Belgian police and soldiers on Thursday sealed off part of central Brussels after finding gas canisters in a car driven by a man known to have been radicalised, officials said.
Belgium remains on high alert as it prepares to mark the first anniversary of last year's Islamic State-inspired attacks on the Brussels metro and airport which killed 32 people.
Prosecutors said the man was detained and is being questioned. Reports said he had previously gone to Syria but officials did not confirm that.
"The car was stopped because the driver jumped several red lights.

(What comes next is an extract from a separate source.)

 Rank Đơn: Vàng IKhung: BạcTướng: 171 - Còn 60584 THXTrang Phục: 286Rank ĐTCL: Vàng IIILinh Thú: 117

The police then noticed several gas canisters in the boot and rather than take any risks, they called for help from the army bomb squad," a police spokeswoman said.
Local mayor Charles Picque told AFP the driver was "someone potentially dangerous" who was listed as radicalised.
"When you put it all together... and that there were gas cannisters in the boot, which he did not want to open, then obviously you have to be prudent," Picque said.
The Brussels prosecutors' office said the bomb disposal squad carried out several controlled explosions but found "no detonating mechanism or other explosives in the car."
The security perimeter, in force from mid-afternoon, had also been lifted, it said, without giving any further details.
Local RTBF television said the driver was aged 27 and had gone to Syria in 2014 and been arrested on his return to Belgium.
He was subsequently sentenced to five years in prison, suspended, at a trial of recruiters of foreign fighters for the Islamic State group in Syria.
The trial was of top jihadist recruiter Khalid Zerkani, who was sentenced in 2016 to 15 years in prison for recruiting dozens of people, including several who became key suspects in the Brussels and Paris attacks, to wage jihad in Syria.
Belgium is one of the largest sources of foreign fighters going to Syria and Iraq.
Thursday's incident sparked immediate concerns after French police apparently foiled an imminent attack in September when they detained several women driving a car filled with gas canisters next to Notre Dame Cathedral in Paris.
The security perimeter was set up in the Porte de Hal neighbourhood, near the main Midi rail station in an area that is famous for a medieval fortress which attracts tourists.
Nearby buildings were evacuated and public transport either halted or diverted, causing rush-hour chaos.
The Brussels prosecutors' office, which confirmed the driver was known to police, said he was now being held for questioning to determine what his intentions were.
"It is absolutely too early to say that the driver had criminal intentions. All speculation in this sense is premature," a statement said, adding that the identity of the driver could not be released while the investigation is underway.
Attacks carried out by home-grown, IS-inspired jihadists on March 22 last year rocked Belgium and sparked a major security clampdown.
The same jihadist cell also played a key role in the November 2015 Paris attacks which claimed 130 lives.